*The data:*

>>>>

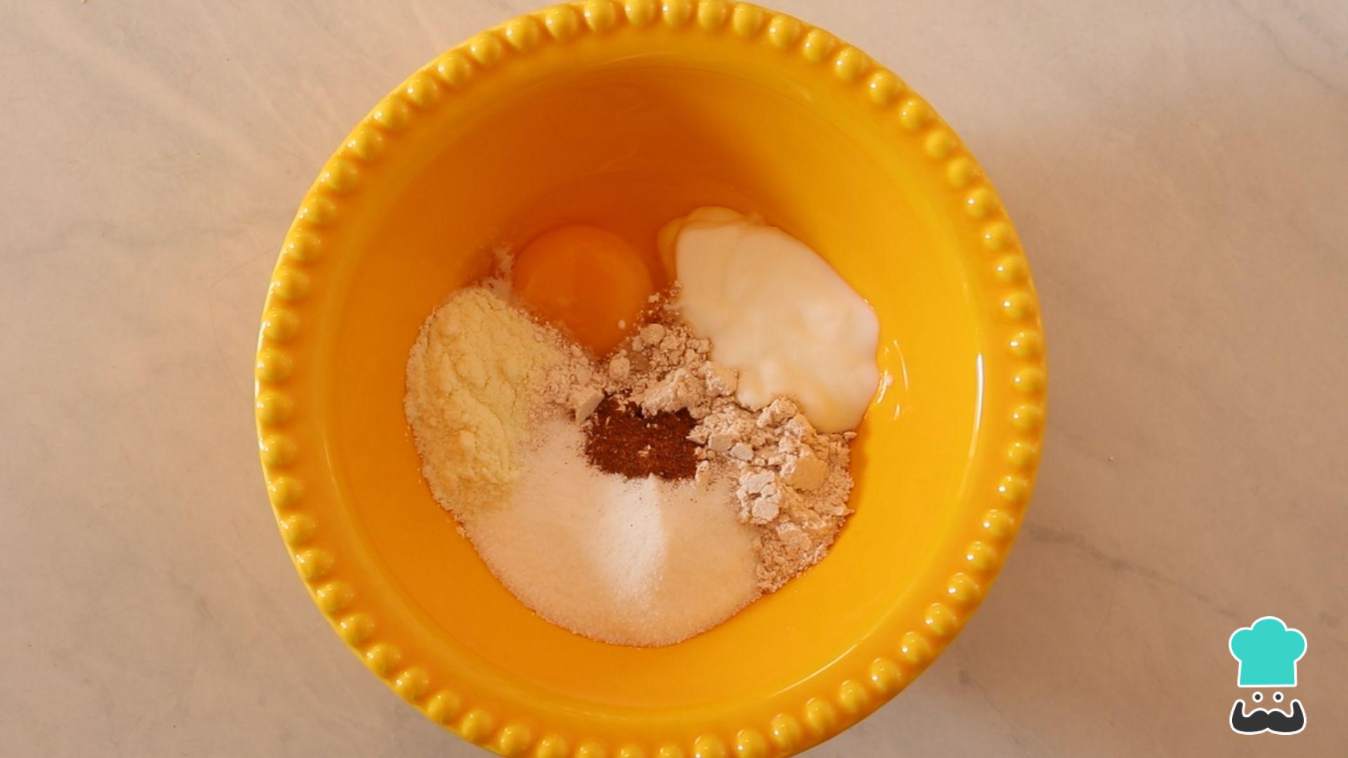 Coloque todos os ingredientes em uma tigela, exceto o fermento. Esse bolo será mais leve que os bolos tradicionais por causa da presença do iogurte!
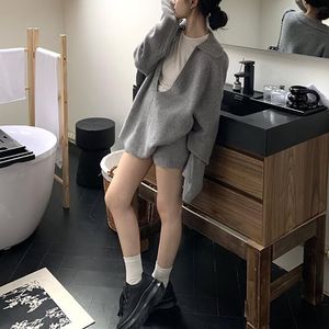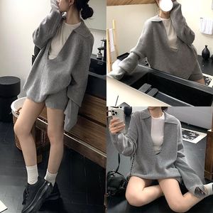 春秋新款慵懒风时尚百搭两件套装V领套头毛衣女针织衫显瘦大码
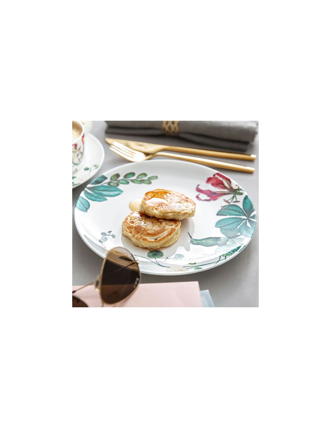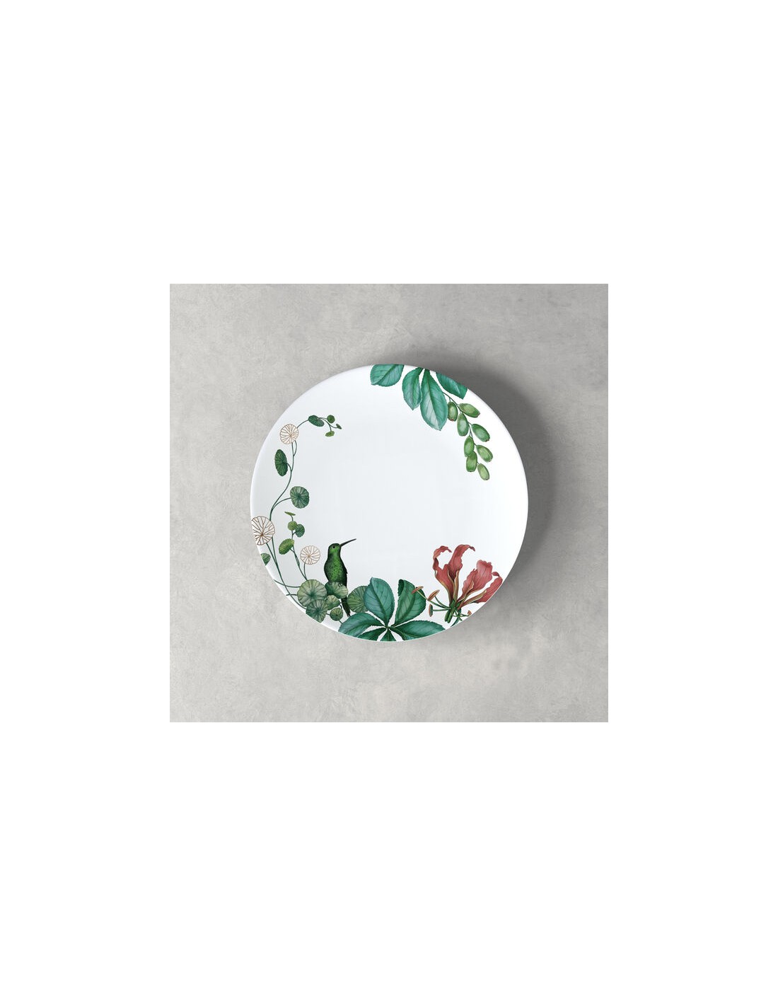 Inspirado en la belleza de Avarua, el diseño Avarua rinde homenaje a los viajes del navegante y explorador James Cook y cuenta la historia de su descubrimiento con un toque artístico. El aspecto tropical se completa con finas líneas doradas que evocan un fantástico efecto tridimensional que da vida a la colección. Con motivos botánicos y colores suaves, el plato de la colección Avarua te permite disfrutar de tus platos favoritos mientras sueñas con un lugar tropical como las Islas Cook. Transpórtate a un mundo de aves del paraíso y plantas exóticas

<<<<

*Work task:*
The material is to be written out word for word, and the pictures are to be left out.

*Response below:*
 Coloque todos os ingredientes em uma tigela, exceto o fermento. Esse bolo será mais leve que os bolos tradicionais por causa da presença do iogurte!
 春秋新款慵懒风时尚百搭两件套装V领套头毛衣女针织衫显瘦大码
 Inspirado en la belleza de Avarua, el diseño Avarua rinde homenaje a los viajes del navegante y explorador James Cook y cuenta la historia de su descubrimiento con un toque artístico. El aspecto tropical se completa con finas líneas doradas que evocan un fantástico efecto tridimensional que da vida a la colección. Con motivos botánicos y colores suaves, el plato de la colección Avarua te permite disfrutar de tus platos favoritos mientras sueñas con un lugar tropical como las Islas Cook. Transpórtate a un mundo de aves del paraíso y plantas exóticas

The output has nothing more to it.